Lawrence City Commission votes to form work group to reconsider city’s process for complaints against police

photo by: Journal-World Illustration

Lawrence Police Department logo, Lawrence City Hall

Two years after the city initially sought improvements, City of Lawrence leaders have approved a proposal to form a work group to review and recommend changes to how the city handles complaints against police.

As part of its meeting Tuesday, the Lawrence City Commission voted 5-0 to approve a proposal to form a Community-Police Oversight Work Group to review and make recommendations related to the police complaint process and the city’s Community Police Review Board. The work group is meant to be a collaboration that includes board members and the police, and Commissioner Amber Sellers said she was glad the city was bringing the “two lenses” together to shape the process around police accountability.

“We have folks who are committed to doing the work, (and) they’re committed to doing the work right,” Sellers said. “And I feel like this is the first step to us doing this right and bringing a group together that can truly shape the system and process around police accountability.”

Dozens of complaints have been made against police since the commission created the board in 2018, but the board has yet to review any because of the way it was set up, and its members have called for stronger oversight.

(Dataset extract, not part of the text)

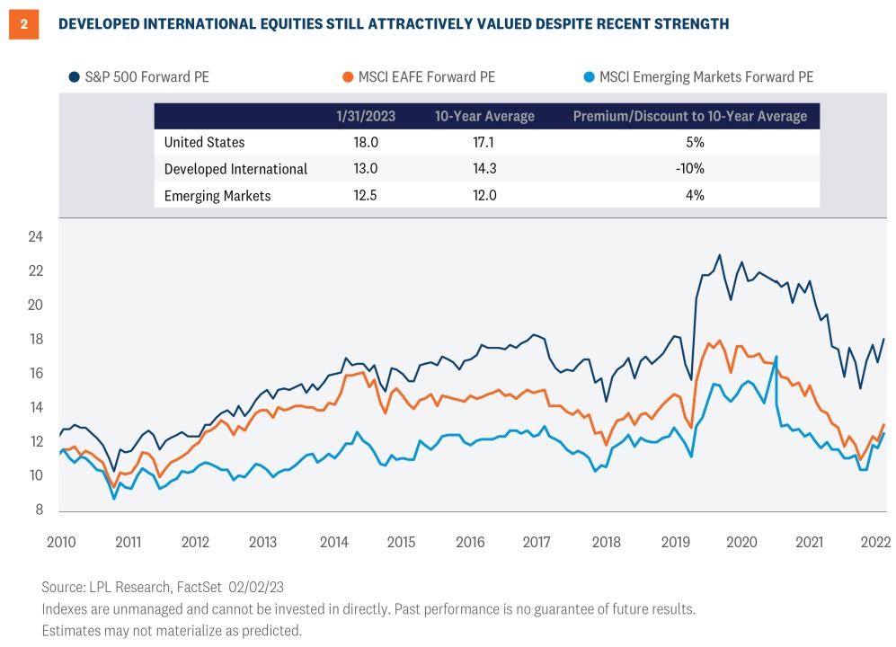 Absolute valuations relative to history also make international valuations look attractive. The current forward P/E of 13 for the MSCI EAFE is 10% below its 10-year average, while the U.S. and EM are 0.9 points and 0.5 points above average by the same measure.

In June 2020, the commission directed the board to review its governing ordinance — which was arrived at after a long debate and pushback from the police union — and the board worked for over a year to draft changes. However, the commission subsequently commissioned an outside study of the police department, which included a recommendation for a more collaborative process, and on Jan. 5 the commission directed the board to launch a new, broader review, which led to the work group proposal.

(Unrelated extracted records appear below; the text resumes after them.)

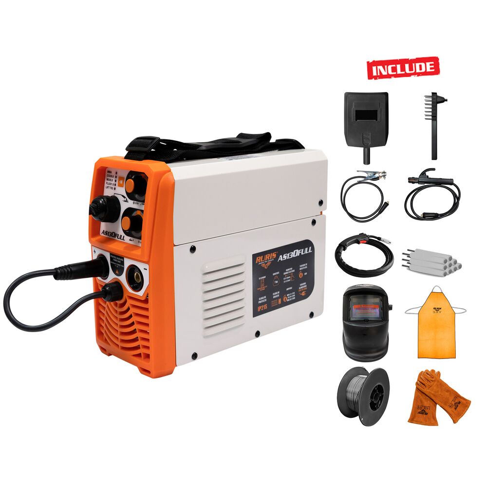 Příslušenství: svařovací maska, profesionální svařovací kukla, MIG hořák, kladivo na strusku s drátěným kartáčem, uzemňovací svorka, držák elektrod, rutilové elektrody 2,5 mm - 2,5 kg, svařovací drát RURIS flux 081, svářečská zástěra, svářečské rukavice.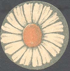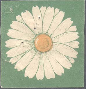 1915 1915(?) г. Разм. 49 х 51 мм. Двухцветная печать на белой бумаге. В центре на сплошном фоне цветок ромашки.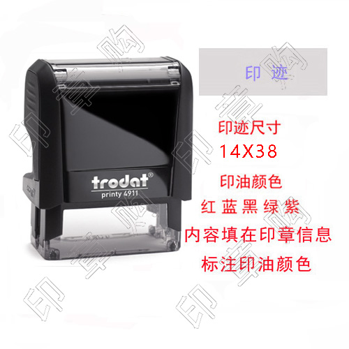 品牌:卓达规格:38 x 14mm优势:轻松盖印,印迹清晰,干净整洁,100,000次以上盖印寿命1. 使用方便——连续盖印,1次完成2. 印迹清晰——高精度,15年不退色3. 内置印台——方便注油;可更换印台4. 全景视窗——提高效率5.精确盖印定位对准设计,防滑设计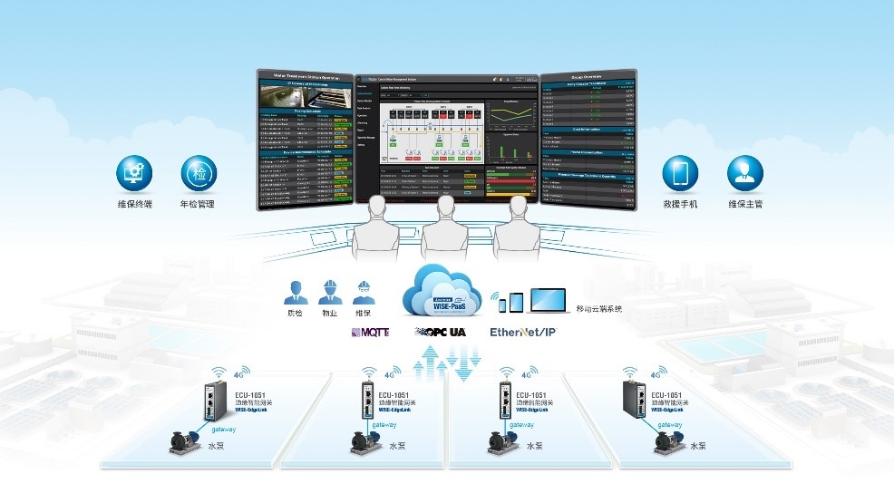 當前很多的泵站監(jiān)控仍以人工方式進行現(xiàn)場啟停,誤操作/延遲操作等情況時有發(fā)生,導致監(jiān)測不精準,監(jiān)管不到位,事故頻發(fā)。研華ECU-1051系列智能網(wǎng)關(guān)支持多種型號的PLC控制器的數(shù)據(jù)采集,并可以通過MQTT協(xié)議直接對接運營商所選的云平臺Webaccess為BS架構(gòu)組態(tài)軟件,有效采集、展示、分析數(shù)據(jù)。通過遠程控制方式對于現(xiàn)場設(shè)備進行實時、準確的監(jiān)測及故障預警,遠程分級監(jiān)控管理設(shè)備狀況,實現(xiàn)設(shè)備、人、數(shù)據(jù)、流程的互聯(lián)互通,無縫對接企業(yè)ERP/CRM/手機APP系統(tǒng)遠程資產(chǎn)管理設(shè)備位置信息建立產(chǎn)品知識庫,優(yōu)化產(chǎn)品性能及供應鏈管理,提高產(chǎn)品競爭力。

The proposal, which was developed by the police chief, city staff and the board, calls for the group to review and make recommendations regarding the complaint process and the board’s role in that process. The proposal lays out expectations regarding the work group’s purpose, membership in the work group and particulars of the process, including facilitation by a third party.

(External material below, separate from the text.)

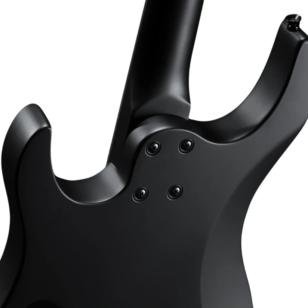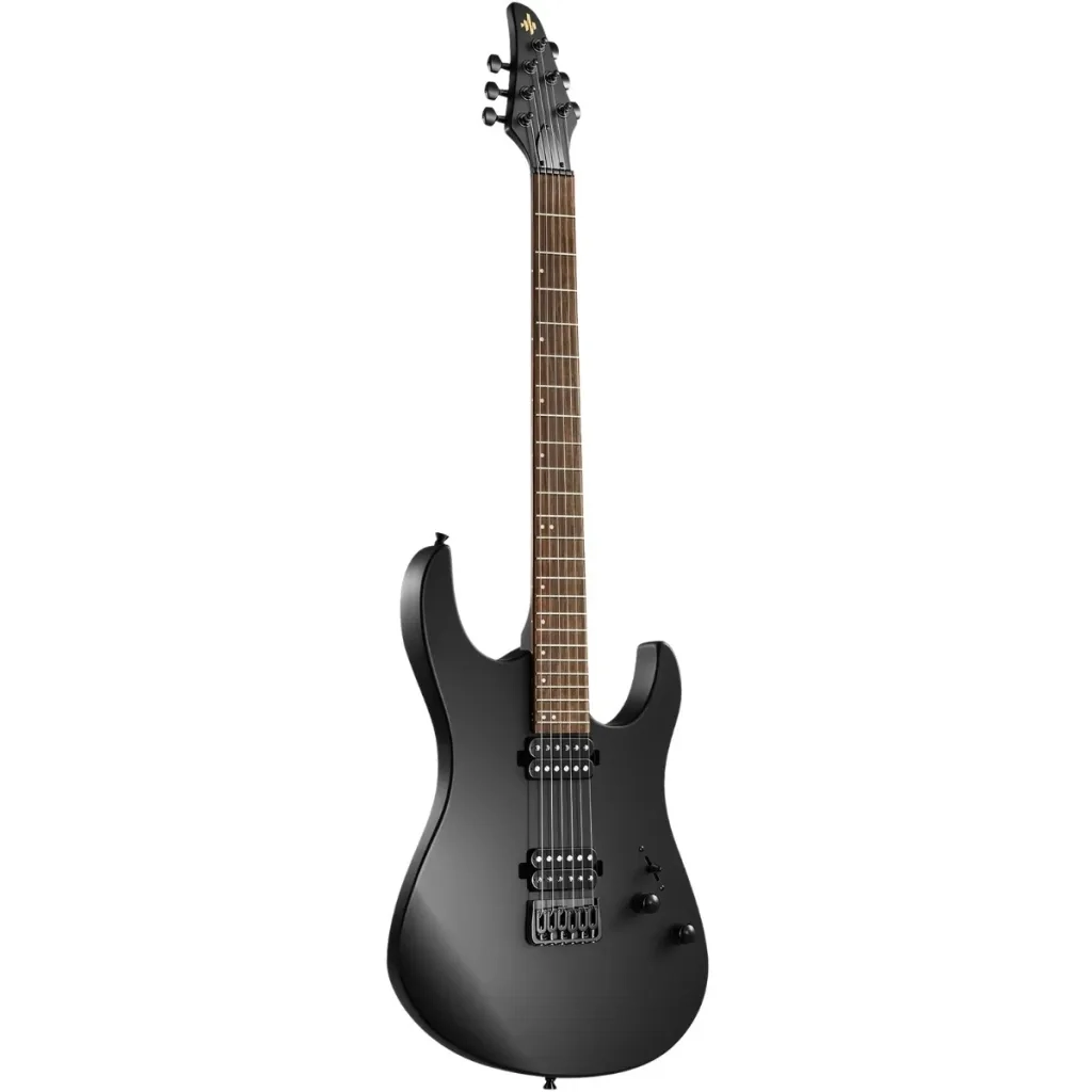 The body is made of poplar, giving it a balanced and resonant sound. The matte black finish and matching headstock give it a distinctive and stylish look. The neck is bolt-on with a plywood fingerboard, and the black satin finish on the neck provides good grip and comfort.

Under the city’s current complaint process, complaints against police filed both internally and by members of the public are investigated by the employee’s direct supervisor or by a division of the police department. The board only reviews complaints dealing with racial and other bias and only if the person involved decides to appeal the department’s decision. An appeal must be submitted in writing within 14 days to be valid. The board has never reviewed a complaint under the current process, and board members have previously called the process a “rubber stamp” and “window dressing” for the police department.

The scope of work outlined in the proposal comprises 10 elements. Those include assessing the existing complaint process to identify concerns and conflicts as well as opportunities to improve trust and transparency, and assessing the board’s role and authority in serving in an advisory, oversight and/or review capacity. Regarding membership, the proposal calls for the work group to consist of five residents representing diverse communities, three board members, the police chief, a member of police department command staff, and two police union members.

City staff asked the commission to consider four questions regarding the formation of the work group. Those were whether the proposed scope of work meets the commission’s expectations; whether the commission agrees with the proposed membership; whether the commission supports hiring a third-party facilitator; and whether the commission would like to make any changes to the plan for public participation. Commissioners did not ask for any changes to the proposal, but did have some questions about the process.

Vice Mayor Lisa Larsen asked why the proposal called for two police department staff members and two police union members when the recommendation from the outside study called for only one representative for each of those groups. Assistant City Manager Brandon McGuire, who worked on the proposal, said the main reason was for “redundancy,” if for vacation or other reasons one person couldn’t be there, the group would still be represented. Larsen confirmed with McGuire that all four police department representatives would be voting members, and he added that the goal is for the group to work toward consensus recommendations as part of a collaborative process. Larsen said when it came to reaching a consensus, it would be vital that the facilitator was trained for such work.

The city anticipates it will cost $30,000 or less to hire a third-party facilitator for the work group. The proposal calls for a four-month time frame for the review once work group members and a facilitator are selected.